Stochastic Gauss-Newton Algorithms for Nonconvex Compositional Optimization
This work addresses optimization challenges in machine learning and statistics, but it is incremental as it extends existing Gauss-Newton methods to stochastic settings with new complexity bounds.
The authors tackled nonconvex stochastic compositional optimization problems by developing two stochastic Gauss-Newton algorithms, achieving an O(ε⁻²) iteration complexity for finding stationary points in expectation and with high probability, and establishing the first global stochastic oracle complexity for such methods.

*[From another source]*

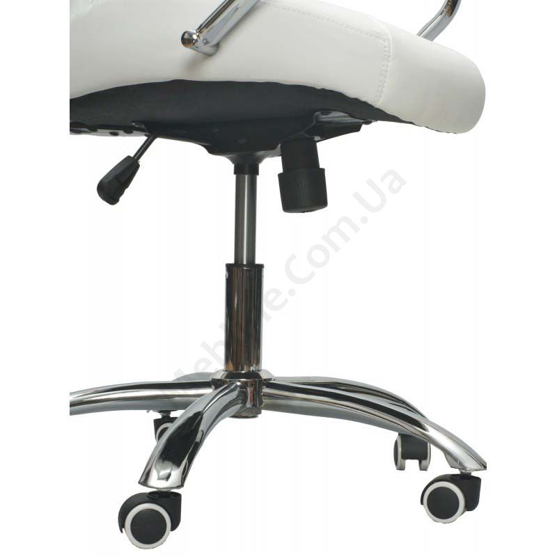 Біле офісне крісло на коліщатках з механізмом хитання та регулюванням висоти.
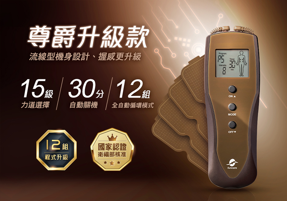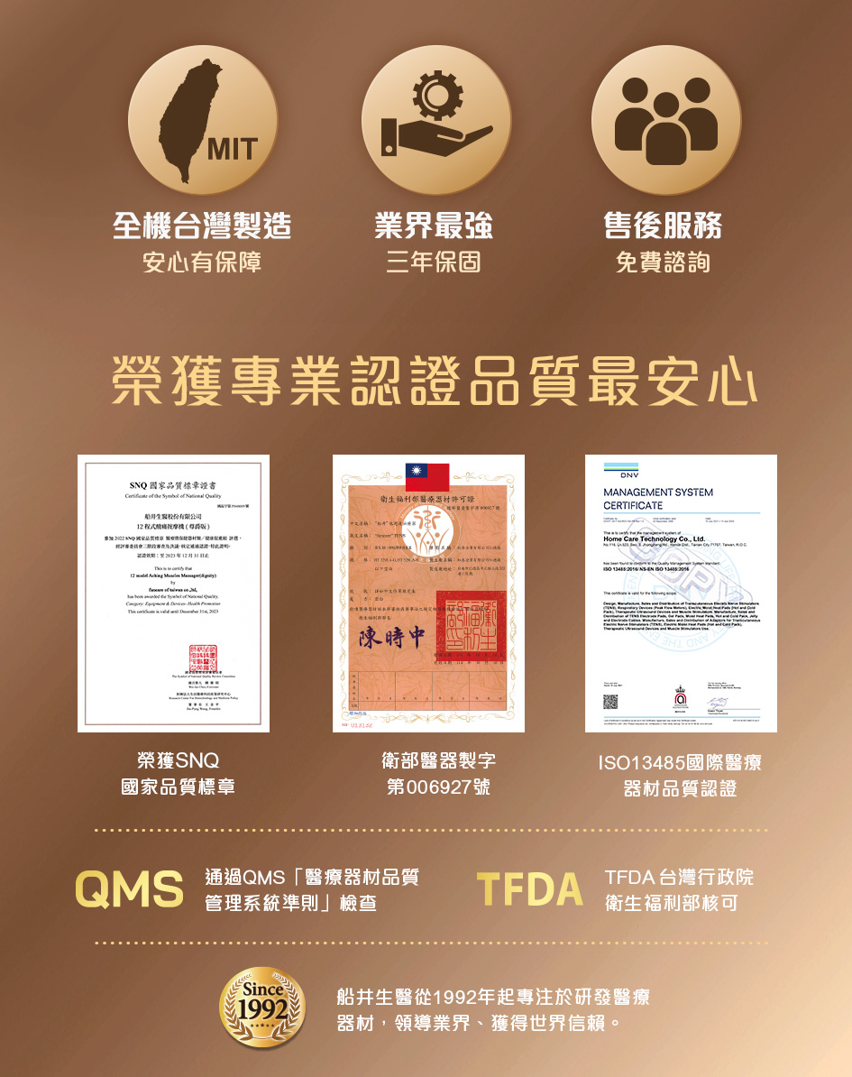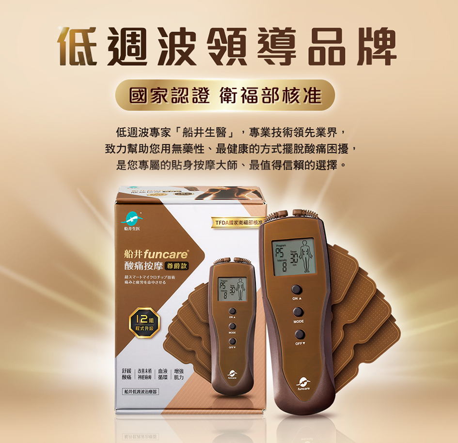 A:船井低週波-全新升級12程式酸痛按摩機,通過多項認證,敬請放心使用。

We develop two new stochastic Gauss-Newton algorithms for solving a class of non-convex stochastic compositional optimization problems frequently arising in practice. We consider both the expectation and finite-sum settings under standard assumptions, and use both classical stochastic and SARAH estimators for approximating function values and Jacobians. In the expectation case, we establish $\mathcal{O}(\varepsilon^{-2})$ iteration-complexity to achieve a stationary point in expectation and estimate the total number of stochastic oracle calls for both function value and its Jacobian, where $\varepsilon$ is a desired accuracy. In the finite sum case, we also estimate $\mathcal{O}(\varepsilon^{-2})$ iteration-complexity and the total oracle calls with high probability. To our best knowledge, this is the first time such global stochastic oracle complexity is established for stochastic Gauss-Newton methods. Finally, we illustrate our theoretical results via two numerical examples on both synthetic and real datasets.